Genome-Centric Multimodal Data Integration in Personalised Cardiovascular Medicine.

NextGen’s Federated Catalogue

NextGen aims to develop tools for advance diagnostics, prediction and personalised medicine for cardiovascular disease, using sensitive data and information located at multiple sites. The sensitive nature of these data requires tools that search for multimodal datasets without letting the native information leave the site where it is stored and managed.

NextGen’s federated catalogue is a decentralized discovery interface that structures descriptive information, such as meta-data, of data assets from multiple distributed, autonomous sources. This unified interface, a core component of its data space architecture, allows users to find and process data that remains under local control at each source, without requiring any centralised aggregation.

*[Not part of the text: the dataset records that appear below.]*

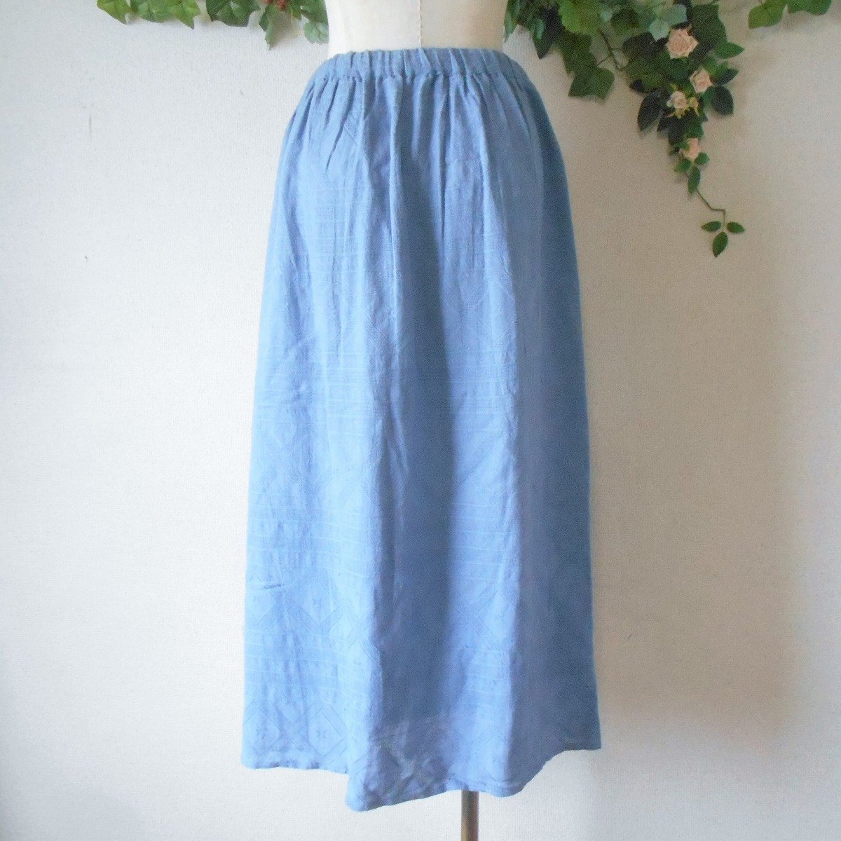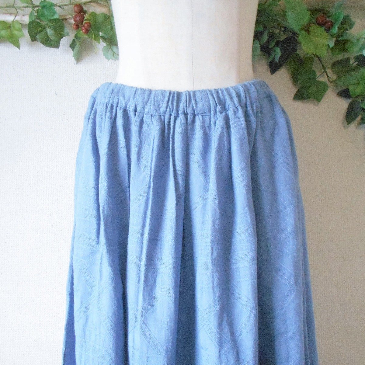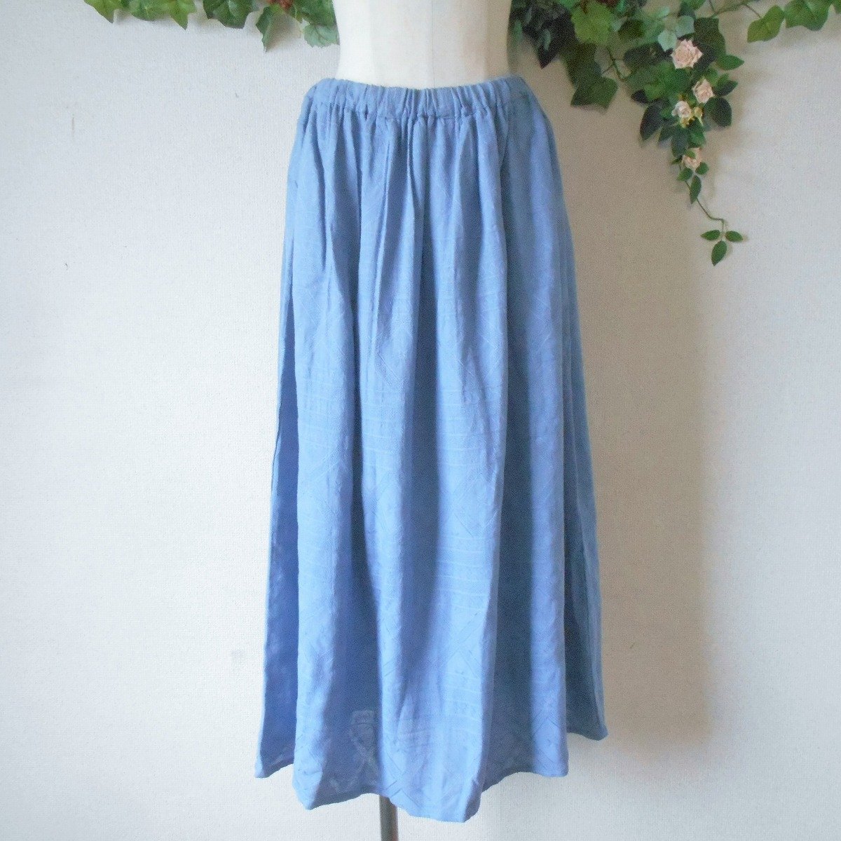 【ポイント】クラウドナインのスカートになります。お色は水色系で春夏を中心に着ていただけるお品です。織柄入りの生地で爽やかな印象の一着です。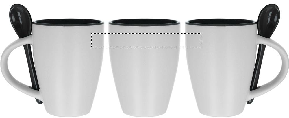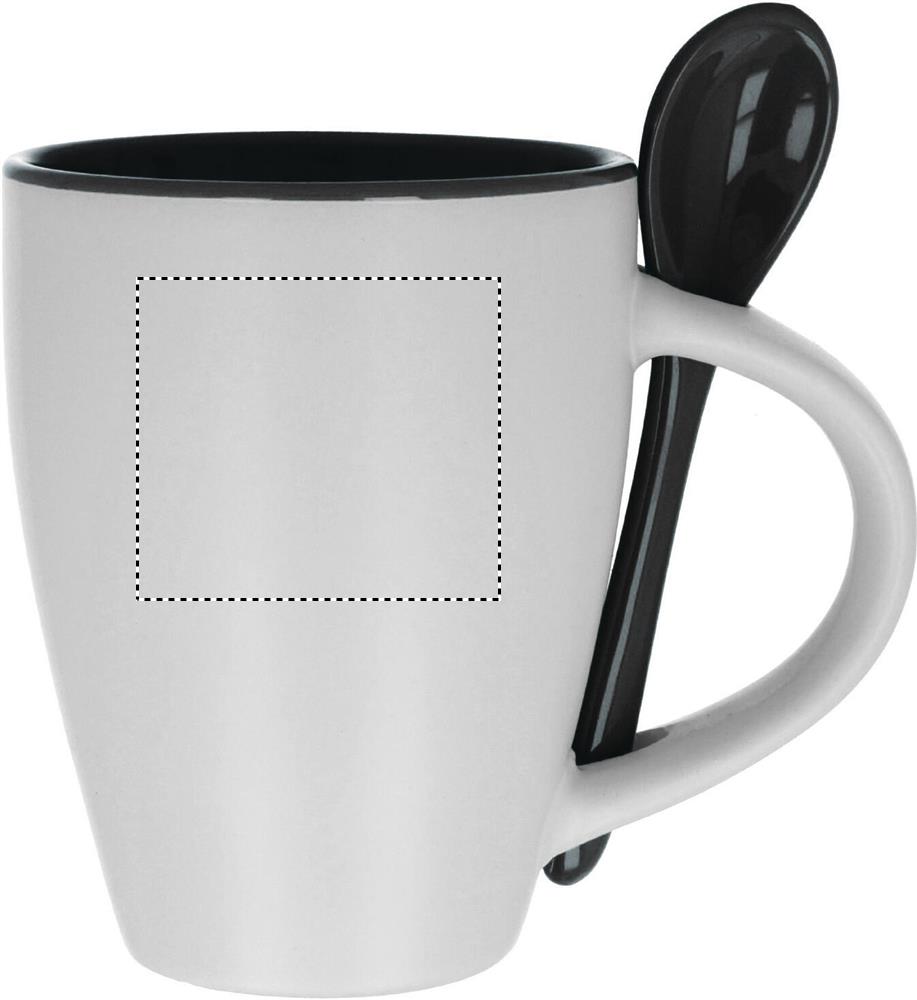Bicolour ceramic coffee mug of 250 ml capacity with colour matching spoon. Individual box 11,5x10,5x9,3cm.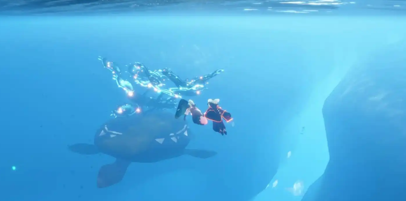 潜海季地图中存在水下区域,部分任务需要潜水完成。潜水时屏幕上方会显示氧气条,靠近蓝色泡泡可以补充氧气。若氧气耗尽,角色会开始损失光翼能量。潜水操作通过方向键控制,上滑摇杆上浮,下滑摇杆下潜。水下区域可能存在冥龙,需谨慎躲避。

The data in our project is multimodal data associated with cardiovascular disease and cardiovascular patients, the sources are different global biobanks managing complex, multimodal, and multiomic datasets that are crucial to the NextGen research and experimentation.

NextGen’s federated catalogue allows each institution owning the data to retain full control over them, since the federated nature is based on the exposure of metadata and semantic descriptions using advanced data characterisation tools, avoiding the transfer of raw data completely. These tools abstract meaning from specific data formats, enabling the catalogue as the common interface between different repositories, preserving the integrity of sensitive genomic and clinical information.

The federated catalogue is a tool that enables search-and-match operations across databanks, supports cross-site cohort matching, and allows researchers to identify datasets suitable for their specific clinical or research questions and embeds consent and governance requirements compliant with the regulatory framework.

The catalogue is functionally integrated with:

  • Multimodal Integration Objects (MMIOs), which link metadata, schemas, policies, and data transformation events, and serve as the vehicle for making datasets AI/ML-ready.
  • Decentralised authentication mechanisms, ensuring data access is verifiable, governed, and aligned with privacy-preserving principles.
  • Semantic interoperability tools, which allow the catalogue to handle datasets encoded in various standards (FHIR, OMOP, CDISC, etc.).
  • A governance-aware architecture, including content-based identifiers and consent-aware filtering, ensuring lawful and ethical reuse of data.

The federated catalogue thus becomes more than a navigation tool—it is a bridge between data providers and AI-enabled research pipelines, advancing scientific collaboration while preserving autonomy, integrity, and trust.